While there remains clearly a risk of staff catching Ebola, “healthcare professionals are trained at managing risk, respect their colleagues and are most comfortable following protocols and they trust themselves and their colleagues to do that”.

London-based intensive-care nurse Margarita Toumasou, who responded to a separate volunteer appeal by Avaaz, the online campaign, said: “There are risks every day with our job with HIV, with hepatitis.
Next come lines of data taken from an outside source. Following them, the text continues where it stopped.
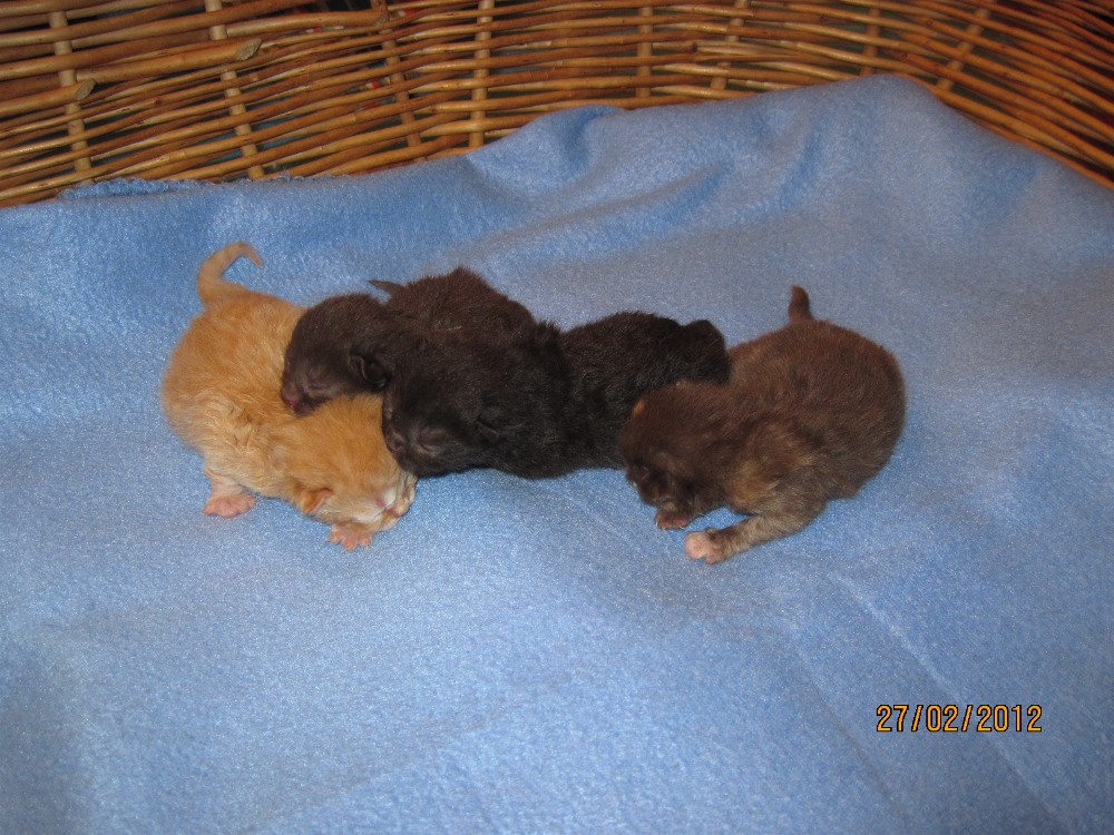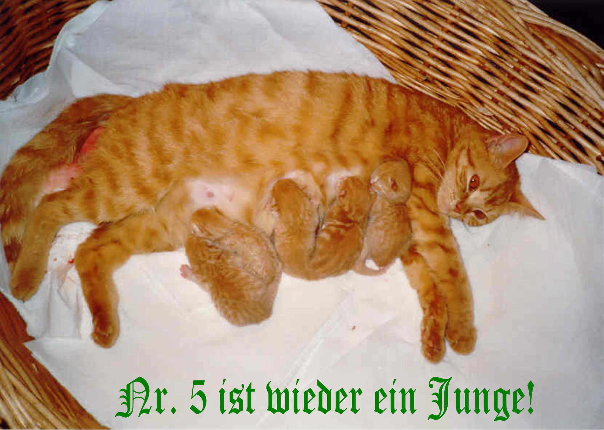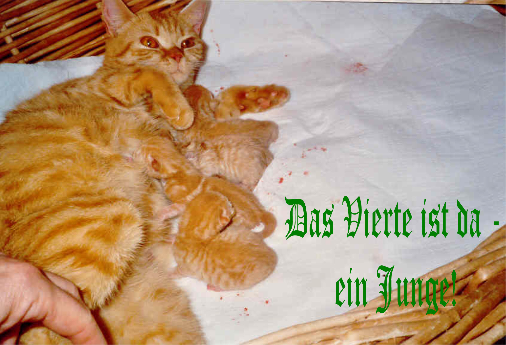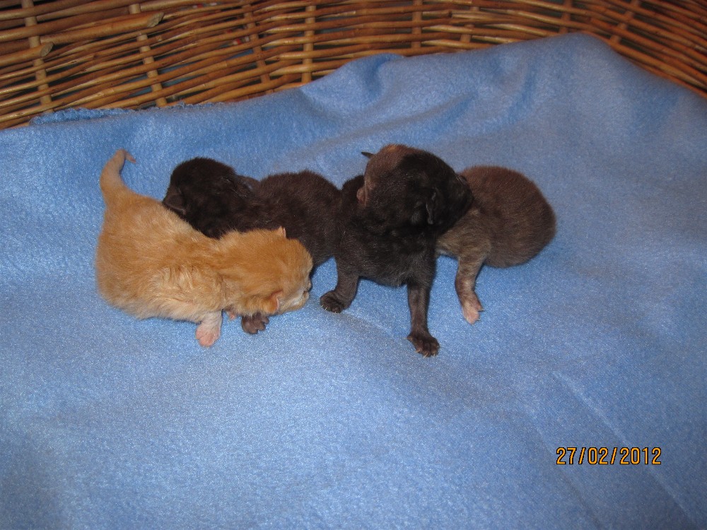 Alle Kitten sind rot. Die Geburt dauerte 2 1/2 Stunden.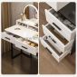 Bàn Trang Điểm YCHIDT010 có thiết kế với rất nhiều ngăn chứa đồ, sẵn sàng đáp ứng được nhu cầu về bài trí cũng như làm gọn không gian phòng ngủ của chị em phụ nữ, mang đến cho chị em một góc làm đẹp rộng rãi, đầy tiện nghi. Đặc biệt, 1 bên chân bàn được thay thế bằng tủ không gắn liền với thân bàn, tùy vào diện tích sử dụng, phần tủ có thể để 1 phần ra ngoài, tạo thêm mặt trang trí, hoặc có thể để trọn dưới mặt bàn, giúp tối ưu diện tích.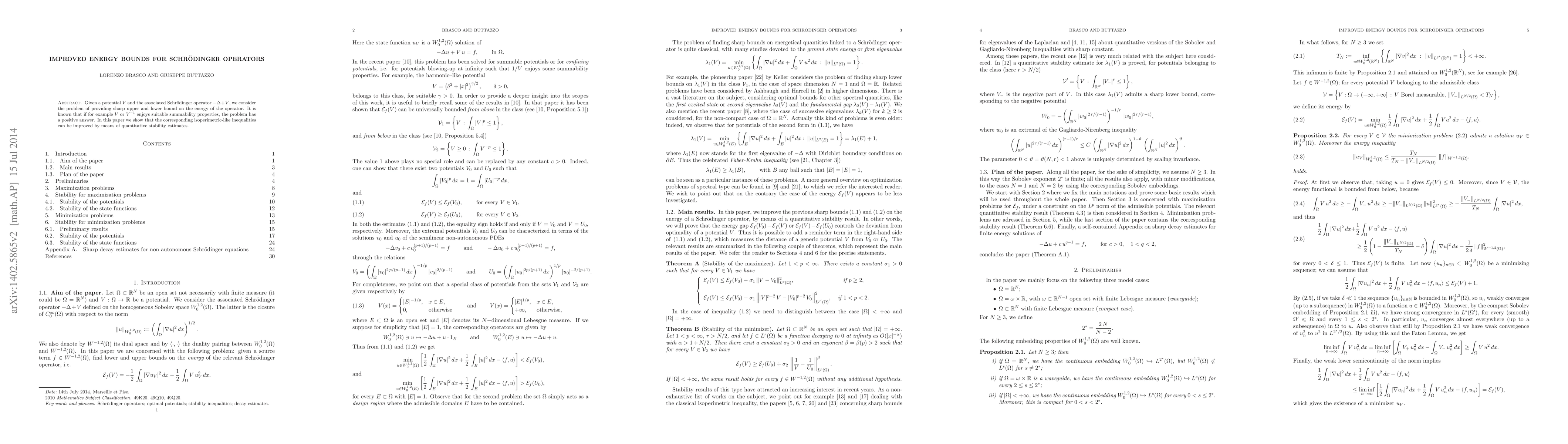 Given a potential $V$ and the associated Schr\"odinger operator $-\Delta+V$, we consider the problem of providing sharp upper and lower bound on the energy of the operator. It is known that if for example $V$ or $V^{-1}$ enjoys suitable summability properties, the problem has a positive answer. In this paper we show that the corresponding isoperimetric-like inequalities can be improved by means of quantitative stability estimates.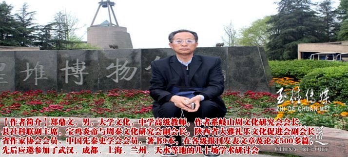 【作者简介】郑鼎文,大学文化,中学高级教师(副教授),中国先秦史学会会员,周公思想文化研究会常务理事,陕西省大雅礼乐文化促进会副会长,宝鸡炎帝与周秦文化研究会副会长,岐山周文化研究会会长,县社科联副主席,县政协文史研究员,省作家协会会员,曾任范家营高中校长和县老年大学首任校长,著有《周文化丛书》“三王卷”“典故卷”、《周公演义》《品味周公庙》等9本书,在报刊发表文章500多篇。先后应邀参加了武汉、成都、兰州、上海、宝鸡、西安、天水等地的30多场学术研讨会。

They need people to deliver the therapeutic care. They are not getting the numbers they need and we are trained to cope with risk.”

The campaign to attract volunteers has its own problems however, including a bottleneck in training. So far only 130 out of the 800 volunteers have been vetted for suitability, and 120 of those have been approved. They will then still need two weeks of training in the UK followed by more “live” training in Sierra Leone.

“The cold training in the classroom is manageable, but the hot-training can only be done in treatment centres. People have to buddy up – doctors with doctors and nurses with nurses and do the rounds. This all takes time,” said Casey, warning that more resources are urgently needed on this front.